+++ Material provided +++

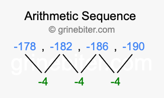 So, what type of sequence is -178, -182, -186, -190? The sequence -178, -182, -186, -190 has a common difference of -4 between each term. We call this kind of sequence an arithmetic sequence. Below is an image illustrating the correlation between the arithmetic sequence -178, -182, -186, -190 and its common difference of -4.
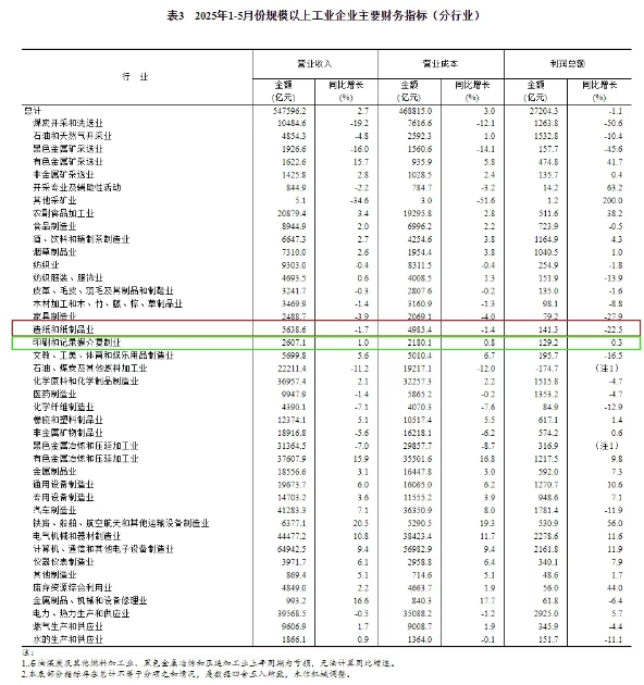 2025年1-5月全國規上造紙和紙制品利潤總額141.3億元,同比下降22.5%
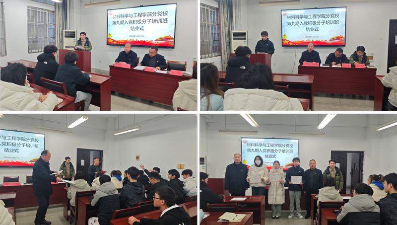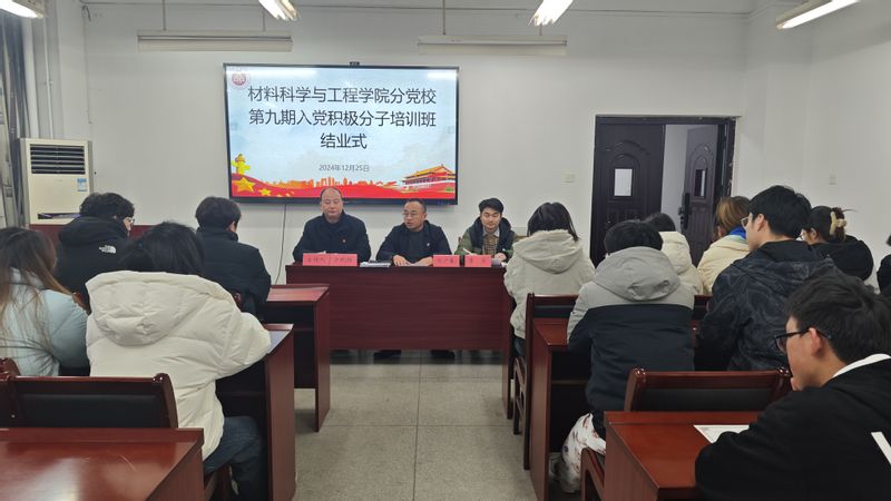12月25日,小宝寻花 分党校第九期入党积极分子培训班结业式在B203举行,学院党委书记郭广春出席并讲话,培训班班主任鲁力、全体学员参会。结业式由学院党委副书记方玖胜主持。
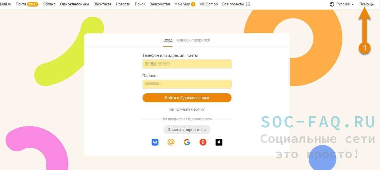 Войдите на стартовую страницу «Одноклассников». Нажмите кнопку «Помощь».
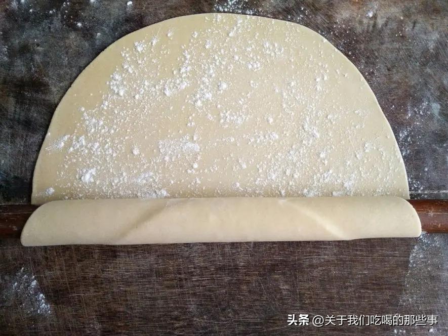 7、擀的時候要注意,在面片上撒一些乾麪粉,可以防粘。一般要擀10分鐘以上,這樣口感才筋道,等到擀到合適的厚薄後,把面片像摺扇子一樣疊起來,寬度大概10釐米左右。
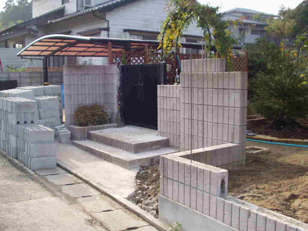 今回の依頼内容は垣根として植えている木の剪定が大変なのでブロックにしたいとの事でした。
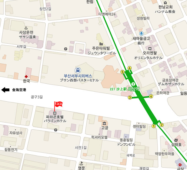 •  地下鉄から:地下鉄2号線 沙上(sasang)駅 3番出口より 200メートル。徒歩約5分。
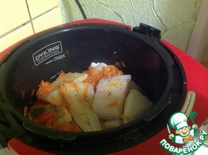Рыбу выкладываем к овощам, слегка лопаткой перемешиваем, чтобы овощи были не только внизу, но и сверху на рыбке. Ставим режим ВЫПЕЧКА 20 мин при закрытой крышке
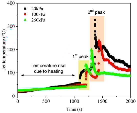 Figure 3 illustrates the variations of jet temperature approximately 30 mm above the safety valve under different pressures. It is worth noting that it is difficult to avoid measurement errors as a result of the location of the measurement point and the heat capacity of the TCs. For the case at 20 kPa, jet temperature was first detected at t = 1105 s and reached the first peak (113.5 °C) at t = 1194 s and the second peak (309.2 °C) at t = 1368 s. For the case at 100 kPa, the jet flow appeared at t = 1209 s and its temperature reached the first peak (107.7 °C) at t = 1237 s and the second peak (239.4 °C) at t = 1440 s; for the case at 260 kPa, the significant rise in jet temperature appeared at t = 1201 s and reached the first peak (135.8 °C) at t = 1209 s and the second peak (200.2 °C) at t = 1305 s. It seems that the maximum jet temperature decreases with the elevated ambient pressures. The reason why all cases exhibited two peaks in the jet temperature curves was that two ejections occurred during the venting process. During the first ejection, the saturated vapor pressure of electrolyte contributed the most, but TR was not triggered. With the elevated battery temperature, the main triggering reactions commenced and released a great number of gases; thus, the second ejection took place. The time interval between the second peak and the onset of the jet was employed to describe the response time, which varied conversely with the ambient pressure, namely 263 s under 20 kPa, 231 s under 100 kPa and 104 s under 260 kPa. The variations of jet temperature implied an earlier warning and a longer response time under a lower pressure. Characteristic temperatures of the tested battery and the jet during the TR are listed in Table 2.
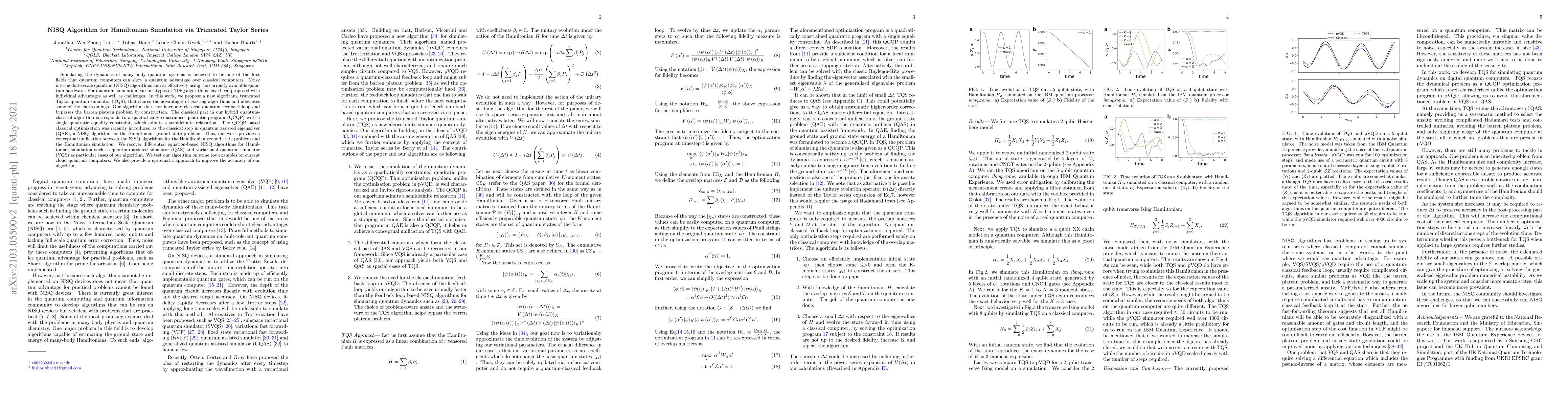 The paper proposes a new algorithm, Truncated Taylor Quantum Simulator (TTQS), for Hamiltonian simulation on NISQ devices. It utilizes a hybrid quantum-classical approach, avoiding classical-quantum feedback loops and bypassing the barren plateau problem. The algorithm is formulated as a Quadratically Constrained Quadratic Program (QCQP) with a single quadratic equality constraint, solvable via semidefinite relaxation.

+++

Print the data exactly, from its first line to the line containing "Рыбу выкладываем к", both included. Omit the pictures.

 So, what type of sequence is -178, -182, -186, -190? The sequence -178, -182, -186, -190 has a common difference of -4 between each term. We call this kind of sequence an arithmetic sequence. Below is an image illustrating the correlation between the arithmetic sequence -178, -182, -186, -190 and its common difference of -4.
 2025年1-5月全國規上造紙和紙制品利潤總額141.3億元,同比下降22.5%
12月25日,小宝寻花 分党校第九期入党积极分子培训班结业式在B203举行,学院党委书记郭广春出席并讲话,培训班班主任鲁力、全体学员参会。结业式由学院党委副书记方玖胜主持。
 Войдите на стартовую страницу «Одноклассников». Нажмите кнопку «Помощь».
 7、擀的時候要注意,在面片上撒一些乾麪粉,可以防粘。一般要擀10分鐘以上,這樣口感才筋道,等到擀到合適的厚薄後,把面片像摺扇子一樣疊起來,寬度大概10釐米左右。
 今回の依頼内容は垣根として植えている木の剪定が大変なのでブロックにしたいとの事でした。
 •  地下鉄から:地下鉄2号線 沙上(sasang)駅 3番出口より 200メートル。徒歩約5分。
Рыбу выкладываем к овощам, слегка лопаткой перемешиваем, чтобы овощи были не только внизу, но и сверху на рыбке. Ставим режим ВЫПЕЧКА 20 мин при закрытой крышке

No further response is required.